However, the conspirators were determined that nothing less
than a preventative war would stop them, and they also
estimated correctly that no one, or combination of the Great
Powers would undertake the responsibility for such a war.
The withdrawal from the Disarmament Conference and from the
League of Nations was, of course, an action that did not
violate any international obligation. The League Covenant
provided the procedure for withdrawal. However, in this case
and as part of the bigger plan, the significance of these
actions cannot be dissociated from the general conspiracy
and the plans for aggression. The announcement of the
institution of universal military service was a more daring
action with a more overt significance. It was a violation of
Versailles, but they got away with it. Then came the
outright military defiance, the occupation of the
demilitarised zone of the Rhineland.

The Indictment, in paragraph IV (F) 2, alleges that the Nazi
conspirators determined to remove the restrictions of
Versailles, and the fact that their plans in this respect
started very early is confirmed by their own statements,
indeed they boasted about their long planning and careful
execution.

I read to you yesterday at length, from our document 789PS,
exhibit USA 23, Hitler's speech to all Supreme Commanders,
Of 23rd November, 1939, I need not read it again.
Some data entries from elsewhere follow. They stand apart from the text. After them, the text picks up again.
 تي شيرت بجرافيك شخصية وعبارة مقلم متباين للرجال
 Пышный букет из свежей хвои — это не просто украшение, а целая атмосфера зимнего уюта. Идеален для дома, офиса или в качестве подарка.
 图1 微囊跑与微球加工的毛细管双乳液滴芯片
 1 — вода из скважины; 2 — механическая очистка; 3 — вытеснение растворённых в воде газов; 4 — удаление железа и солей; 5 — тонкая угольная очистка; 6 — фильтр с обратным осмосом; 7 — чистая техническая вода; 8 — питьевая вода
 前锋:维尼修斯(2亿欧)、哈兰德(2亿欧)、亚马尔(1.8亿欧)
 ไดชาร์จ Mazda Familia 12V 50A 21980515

He stated
there that his primary goal was to wipe out Versailles.
After four years of actual war, the defendant Jodl, as Chief
of the General Staff of the Armed Forces, delivered an
address to the Reich and to tire Gauleiters in which he
traced the development of German strength. The seizure of
power to him meant the restoration of fighting sovereignty,
including conscription, occupation of the Rhineland, and
rearmament, with special emphasis on modern armour and air
forces.

I have, if the Tribunal please, our document L-172. It is a
photostat of a microfilm of a speech by General Jodl, and I
offer that photostat as exhibit USA 34. I shall read, if the
Tribunal please, only a part of that, but will start at the
beginning.

The speech is entitled  "The Strategic Position in the
Beginning of the 5th Year of War." It is a kind of
retrospective summary by the defendant, General Jodl. "A
lecture by the Chief of the General Staff of the Armed
Forces (West) to the Reich and Gau Leaders, delivered in
Munich on the 7th November, 1943."

THE PRESIDENT: Are you reading from the document now?

MR. ALDERMAN: I am reading from the English translation.
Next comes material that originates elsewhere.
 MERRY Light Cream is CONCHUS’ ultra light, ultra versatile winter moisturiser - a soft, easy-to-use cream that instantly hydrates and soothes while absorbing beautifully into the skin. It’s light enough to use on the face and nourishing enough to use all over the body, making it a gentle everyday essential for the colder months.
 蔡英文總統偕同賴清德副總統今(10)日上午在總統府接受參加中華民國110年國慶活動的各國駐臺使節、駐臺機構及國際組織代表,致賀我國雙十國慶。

THE PRESIDENT: But in my copy Of L-172, as far as I can see,
it begins with the word "Introduction".

MR. ALDERMAN: Yes Sir, I was just coming to the
Introduction. On my copy -

MR. PRESIDENT: There is another heading, too?

MR. ALDERMAN: Yes.

                                                  [Page 184]

THE PRESIDENT: We haven't got that.

MR. ALDERMAN: You have an index, I think. There is not one
on my copy: Page 3.

THE PRESIDENT: Yes, but the index doesn't give that heading;
that is all.

MR. ALDERMAN: I see, I am sorry.

THE PRESIDENT: It doesn't matter.

MR. ALDERMAN:

   "Introduction: Reichsleiter Bormann has requested me to
   give you a review to-day of the strategic position in
   the beginning of the 5th Year of War.
   
   I must admit that it was not without hesitation that I
   undertook this none too easy task. It is not possible to
   do it justice with a few generalities. It is not
   necessary to say openly what it is. No one, the Fuehrer
   has ordered, may know more or be told more than he needs
   for his own immediate task, but I have no doubt at all
   in my mind, Gentlemen, but that you need a great deal in
   order to be able to cope with your tasks. It is in your
   Gaus, after all, and among their inhabitants that all
   the enemy propaganda, the defeatism, and the malicious
   rumours concentrate, that try to find a place among our
   people. Up and down the country the devil of subversion
   strides. All the cowards are seeking a way out, or - as
   they call it - a political solution. They say, we must
   negotiate while there is still something in hand, and
   all these slogans are made use of to attack the natural
   sense of the people, who know well that in this war
   there can only be a fight to the end. Capitulation would
   mean the end of the Nation, the end of Germany. Against
   this wave of enemy propaganda and cowardice you need
   more than force. You need to know the true situation,
   and for this reason I believe that I am justified in
   giving you a perfectly open and unvarnished account of
   the state of affairs. This is no forbidden disclosure of
   secrets, butt a weapon which may perhaps help you to
   fortify the morale of the people. For this war will be
   decided not only by force of arms but by the will to
   resist of the whole people. Germany was broken in 1918
   not at the front but at home. Italy suffered not
   military defeat but moral defeat. She broke down
   internally. The result has been not the peace she
   expected but - through the cowardice of these criminal
   traitors - a fate a thousand times harder than
   continuation of the war at our side would have brought
   her. I can rely on you, Gentlemen, since I give concrete
   figures and data concerning our own strength, to treat
   these details as your secret; all the rest is at your
   disposal, without restriction, for application in your
   activities as leaders of the people.
   
   Our necessity and objectives were clear to all and
   everyone at the moment when we entered upon this War of
   Liberation of Greater Germany and, by attacking, parried
   the danger which menaced us both from Poland and from
   the Western Powers. Our further incursions into
   Scandinavia, in the direction of the Mediterranean and
   in that of Russia - these also aroused no doubts
   concerning the general conduct of the war, so long as we
   were successful. It was not until more serious set-backs
   were encountered and our general Situation began to
   become increasingly active, that the German people began
   to ask itself whether perhaps we had not undertaken more
   than we could do and had set our aims too high. To
   provide an answer to this questioning and to furnish you
   with certain points of view for use in your own
   explanatory activities, is one of the main points of my
   present lecture. I shall divide it into three parts:
   I. A review of the most important developments up to the
   present.
   II. Consideration of the present situation.
   III. The foundation of our morale and our confidence in
   victory.
   
   In view of my position as Military Adviser to the
   Fuehrer, I shall confine myself in my remarks to the
   problems of my own personal sphere of action, fully
   appreciating at the same time that in view of the
   Protean nature of this war, I shall in this way be
   giving expression to only one side of events.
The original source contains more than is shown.